We iteratively rolled out each modernization in close communication with our stakeholders and clients to avoid disruption and minimize deployment issues. Ultimately, our DevOps culture allowed us to enable AWS to build, operate, and maintain performant, reliable software that powers millions of notifications per year. This includes crucial Veteran outreach for appointment reminders, vaccine outreach, surgery notifications, prescription shipment tracking, emergency events, and beyond.
Outcomes & Success Metrics
- Sustained system error rates below 0.02%, validating the effectiveness of the automated testing and CI/CD quality gates.
- Automation and the CI/CD pipeline have enabled more frequent and reliable code changes
- Achieved P95 latency at <0.16s for notifications, ensuring a performant application and reliable UX
- On average, we can securely send 14 million SMS notifications each month
- A DevOps culture has allowed our modernization efforts to increase Veteran outreach success, 214 million texts, 27 million emails, and counting
- Proactive monitoring via CloudWatch and IaC allows teams to rapidly identify, resolve, and roll back issues, minimizing downtime and improving resiliency of the system.

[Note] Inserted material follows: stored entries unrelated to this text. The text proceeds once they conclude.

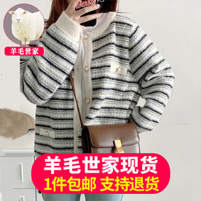 条纹毛呢外套女复古圆领针织开衫冬加厚小香风毛衣仿貂绒韩版上衣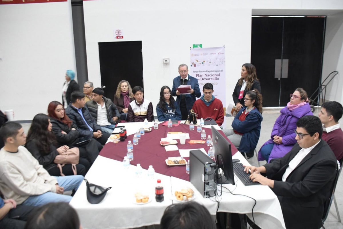 El subsecretario de Educación Media Superior y Superior, de la SET, Guadalupe Acosta Villarreal participó en las Mesas de Diálogo de la Juventud que se instalaron en el Foro de Consulta Pública para el Plan de Desarrollo 2025-2030.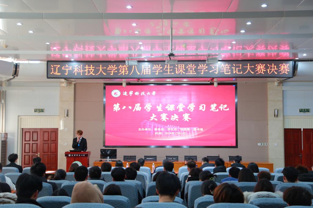 12月3日下午,由教务处、学生处、团委、图书馆联合主办,学生学业发展委员会承办的第八届学生课堂学习笔记大赛决赛在图书馆报告厅举行。校党委常委、副校长李胜利,相关单位负责人现场为获奖学生颁奖。李胜利作总结讲话。109名2024级新生代表作为大众评审在现场观看比赛。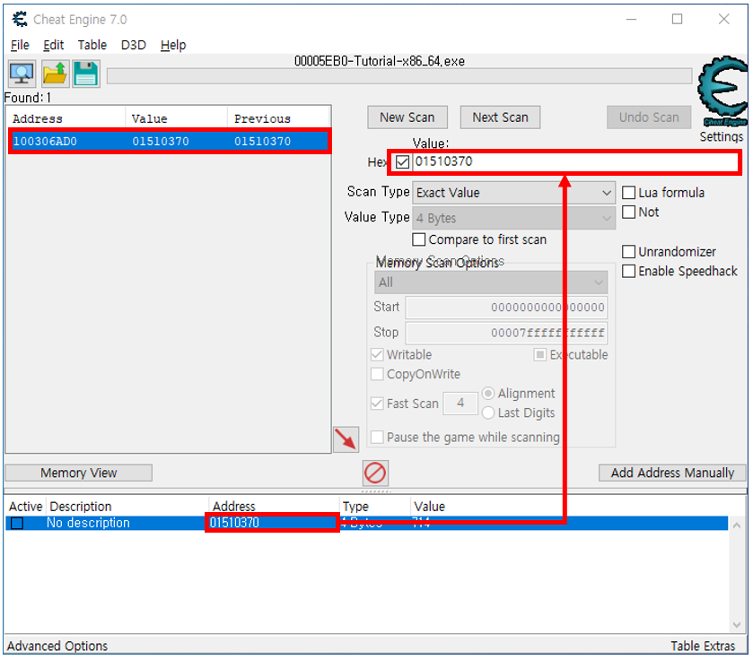 새로 구한 주소를 Value에 넣어주는데 그 전에 앞에 Hex에 체크를 하자 Hex는 16진수 값이나 주소를 검색할 때 사용하는 옵션이다. 그리고 Scan을 하면 우리가 검색한 주소를 가지고 있는 주소가 나오게 된다. 0x100306AD0가 진짜 Change pointer를 눌러 주소가 바뀌더라도 바뀐 주소를 가지고 있는 주소이다. 이 주소를 외워두자 그리고 다음과같이 진행한다.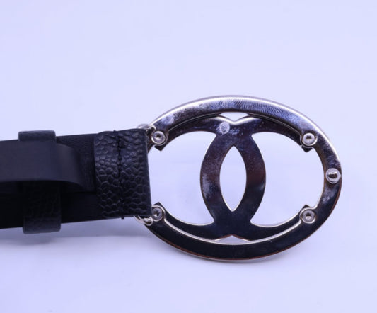 CHANEL Black Caviar CC Logo Belt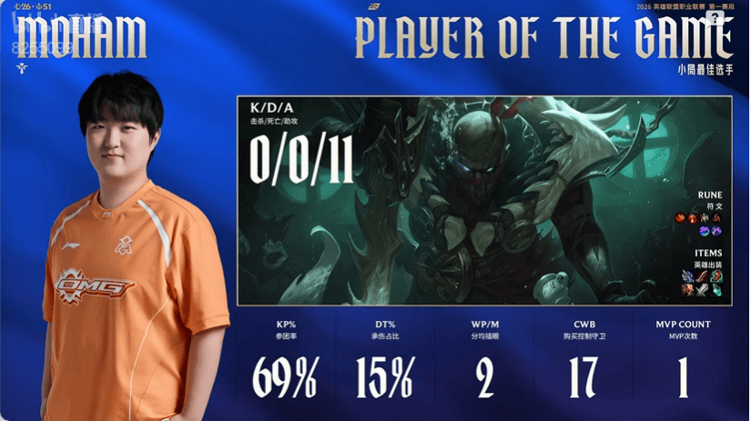 Moham派克打出0/0/11战绩,拿到OMG对阵LGD第三局比赛MVP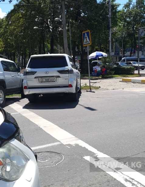 Этот белый «Лексус» постоянно паркуют на перекрестке улицы Токтогула и проспекта Манаса.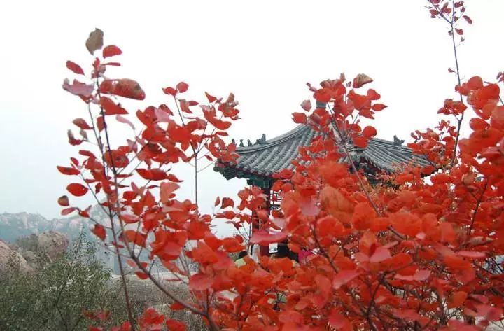 秋天的鹫峰是最美丽的,红叶遍山、硕果满枝、色彩斑斓。银杏、黄栌、火炬、五角枫……在秋日阳光的装饰下,红得娇艳,黄得明丽,绿得柔和,五彩缤纷,漫山遍野。10月中下旬鹫峰的彩叶就进入观赏期,11月上中旬为观赏的最佳时期。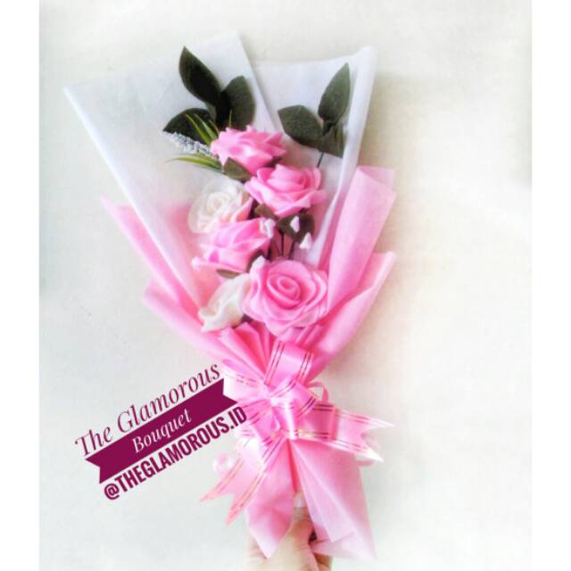 Buket Bunga Flanel Murah 4 mawar pink 2 mawar putih | Shopee Indonesia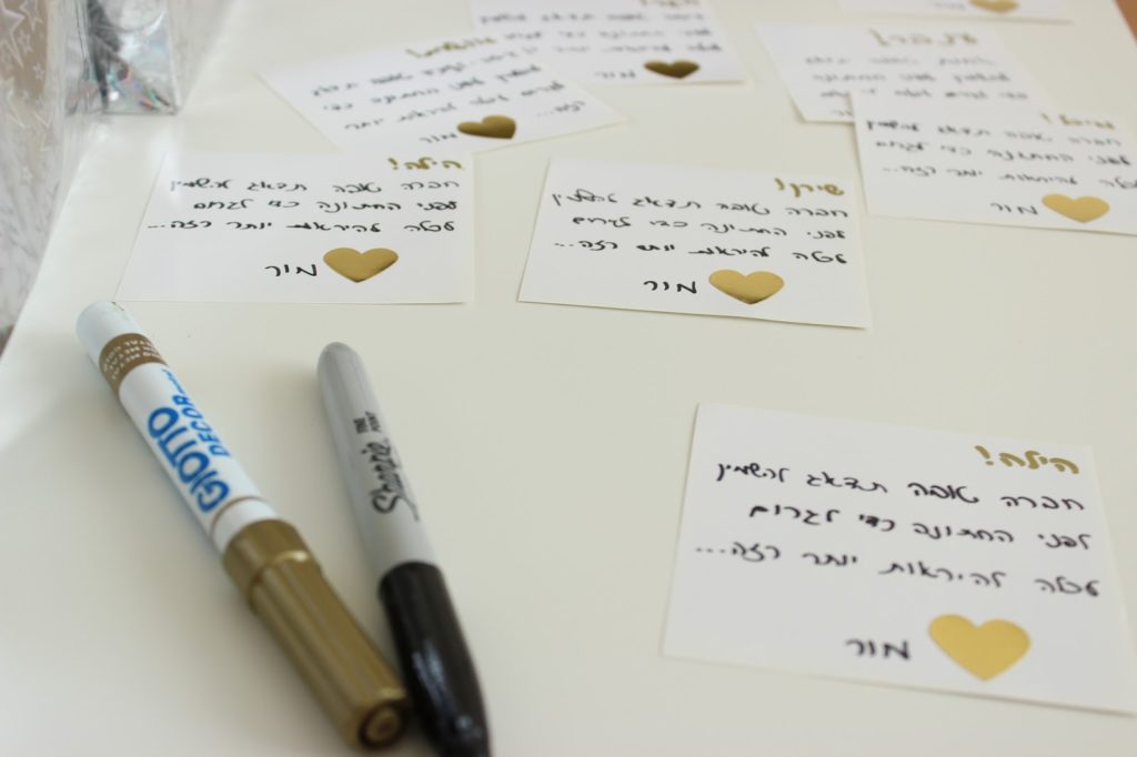 כמובן שעל כל שקית הצמדתי גם פתק ובו הסברתי לבנות שחברות אמיתיות צריכות להשמין לפני החתונה של החברה שלהן.. כדי לגרום לה להיראות רזה יותר. דא.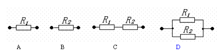 15.R1和R2是阻值大小不同的两个电阻,且R1<R2, 按图中四种方法连接,

- Modernized Flask app processes 6 million monthly events overnight
- Administrators can rapidly configure important healthcare notifications
Total Cost of Ownership Analysis Performed
Throughout the modernization, Oddball reduced total cost of ownership by replacing fixed-capacity systems with managed, pay-as-you-go cloud services and by utilizing DevOps practices. By building on managed and serverless primitives (e.g., ECS Fargate, Lambda, SQS, SES/SNS) and pairing those with Infrastructure as Code, automated CI/CD pipelines, and robust observability practices, we converted hard infrastructure costs and maintenance labor into more measurable operating expenses. This architecture enabled high-throughput, low-latency delivery at scale while minimizing re-platforming costs, accelerating feature delivery, and ensuring sustainable operations for millions of Veteran healthcare notifications annually.
Lessons Learned
- Continuous Feedback Loops: We leveraged Amazon PinPoint and AWS CloudWatch to establish comprehensive monitoring and logging. This accelerated business innovation through continuous feedback loops between Veterans and developers, allowing the development team to quickly iterate on services based on real-time Veteran usage and system performance data.

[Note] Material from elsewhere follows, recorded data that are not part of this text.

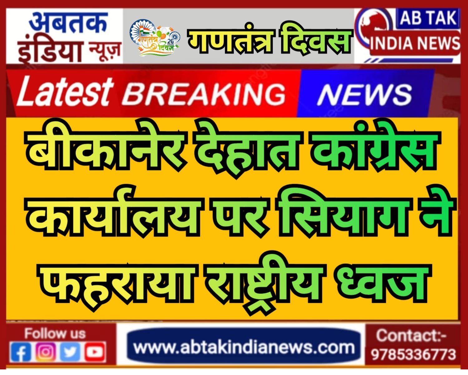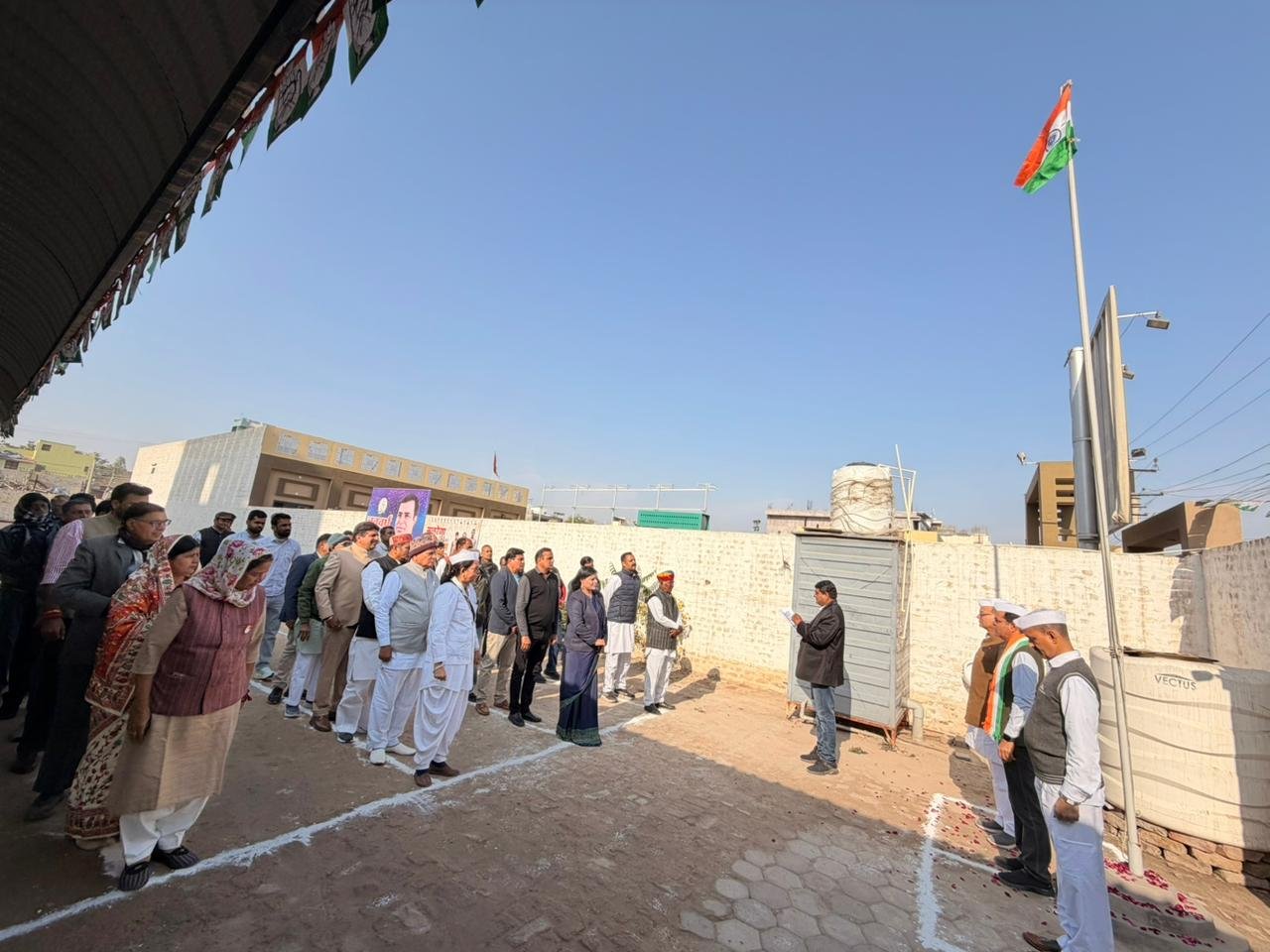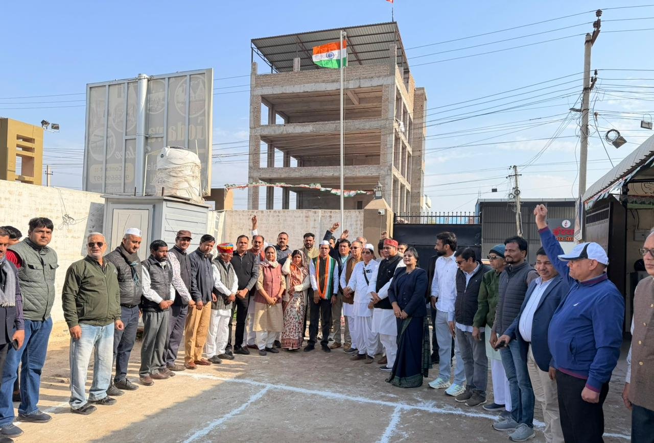 अबतक इंडिया न्यूज 26 जनवरी बीकानेर । जिला कांग्रेस कमेटी देहात, बीकानेर द्वारा सोमवार को भारत के 77वें गणतंत्र दिवस के महान पर्व पर एक भव्य एवं गरिमामय समारोह रानी बाजार स्थित जिला कांग्रेस कमेटी देहात कार्यालय में प्रातः 10ः15 बजे आयोजित हुआ। समारोह में अध्यक्ष बिशनाराम सियाग द्वारा भारतीय राष्ट्रीय ध्वज फहराया गया। ध्वजारोहण के पश्चात उपस्थित कांग्रेस पदाधिकारियों व कार्यकर्ताओं ने राष्ट्रगान के साथ देश की एकता, अखंडता तथा भारतीय संविधान की गरिमा को बनाए रखने का संकल्प लिया तथा देश भक्ति के नारे लगायें।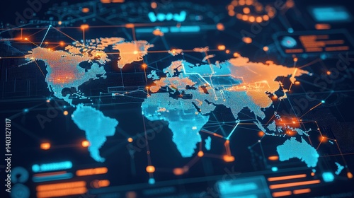 A digital world map with interconnected nodes and glowing elements, showcasing global networks and data flow in a futuristic style.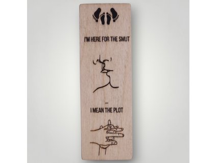 Dřevěná knihomolská záložka – "I'm here for the smut... I mean the plot." – odvážný a...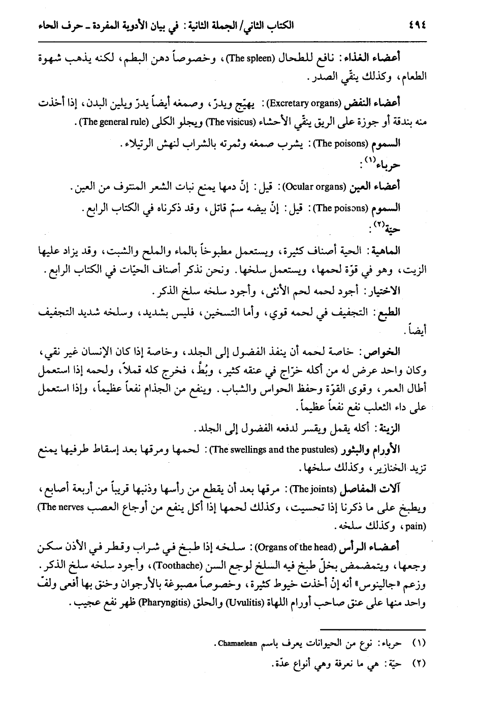 أَعْضَاء الْغذَاء: نَافِع للطحال وخصوصاً دهن البطم لكنه يذهب شَهْوَة الطَّعَام وَكَذَلِكَ ينقّي الصَّدْر. أَعْضَاء النفض: يهيج ويدر وصمغه أَيْضا يدر ويلين الْبدن إِذا أخذت مِنْهُ بندقة أَو جوزة على الرِّيق ينقّي الأخشاء ويجلو الْكُلِّي. السمُوم: يشرب صمغه وثمرته بِالشرابِ لنهش الرتيلاء. حرباء أَعْضَاء الْعين: قيل: إنّ دَمهَا يمْنَع نَبَات الشّعْر المنتوف من الْعين. حَيَّة الْمَاهِيّة: الْحَيَّة أَصْنَاف كَثِيرَة وَيسْتَعْمل مطبوخاً بِالْمَاءِ وَالْملح والشبت وَقد يُزَاد عَلَيْهَا الزَّيْت وَهُوَ فِي قوّة لَحمهَا وَيسْتَعْمل سلخها. وَنحن نذْكر أَصْنَاف الْحَيَّات فِي الْكتاب الرَّابِع. الِاخْتِيَار: أَجود لَحْمه دم الْأُنْثَى وأجود سلخه سلخ الذّكر. الطَّبْع: التجفيف فِي دَمه قوي وَأما التسخين فَلَيْسَ بشديد وسلخه شَدِيد التجفيف أَيْضا. الْخَواص: خَاصَّة لَحْمه أَن ينفذ الفضول إِلَى الْجلد وخاصة إِذا كَانَ الْإِنْسَان غير نقي وَكَانَ وَاحِد عرض لَهُ من أكله خراج فِي عُنُقه كثير وبُط فَخرج كُله قملاً ولحمه إِذا اسْتعْمل أَطَالَ الْعُمر وقوى الْقُوَّة وَحفظ الْحَواس والشباب. وينفع من الجذام نفعا عَظِيما وَإِذا اسْتعْمل على دَاء الثَّعْلَب نفع نفعا عَظِيما. الزِّينَة: أكله يقمل ويقسر لدفعه الفضول إِلَى الْجلد. الأورام والبثور: لَحمهَا ومرقها بعد إِسْقَاط طرفيها يمْنَع تزيد الْخَنَازِير وَكَذَلِكَ سلخها. آلَات المفاصل: مرقها بعد أَن يقطع من رَأسهَا وذنبها قَرِيبا من أَرْبَعَة أَصَابِع ويطبخ على مَا ذكرنَا إِذا تحسيت وَكَذَلِكَ لَحمهَا إِذا كل ينفع من أوجاع العصب وَكَذَلِكَ سلخه. أَعْضَاء الرَّأْس: سلخه إِذا طبخ فِي شراب وقطر فِي الْأذن سكن وجعها ويتمضمض بخلّ طبخ فِيهِ السلخ لوجع السن وأجود سلخه سلخ الذّكر. وَزعم جالينوس أَنه إنْ أخذت خيوط كَثِيرَة وخصوصاً مصبوغة بالأرجوان وخنق بهَا أَفْعَى ولف وَاحِد مِنْهَا على عنق صَاحب أورام اللهاة وَالْحلق ظهر نفع عَجِيب.

- Single Sign-On (SSO) Integration: Integrating SSO into a serverless ECS environment highlighted the importance of a true DevOps culture, requiring close collaboration between our development, operations, and external SSO teams to successfully adapt legacy services to modern architectures.
- Containerization in Cloud Environments: When deciding on a container orchestration solution, we found that using AWS services like ECS with Fargate for serverless container management simplified scaling and resource allocation, allowing teams to focus on development instead of day-to-day infrastructure work.
- Serverless Infrastructure: By choosing a fully serverless architecture for all AWS resources, we streamlined ATO management, and significantly reduced long-term maintenance labor and infrastructure risk, so costs directly match fluctuating notification volumes.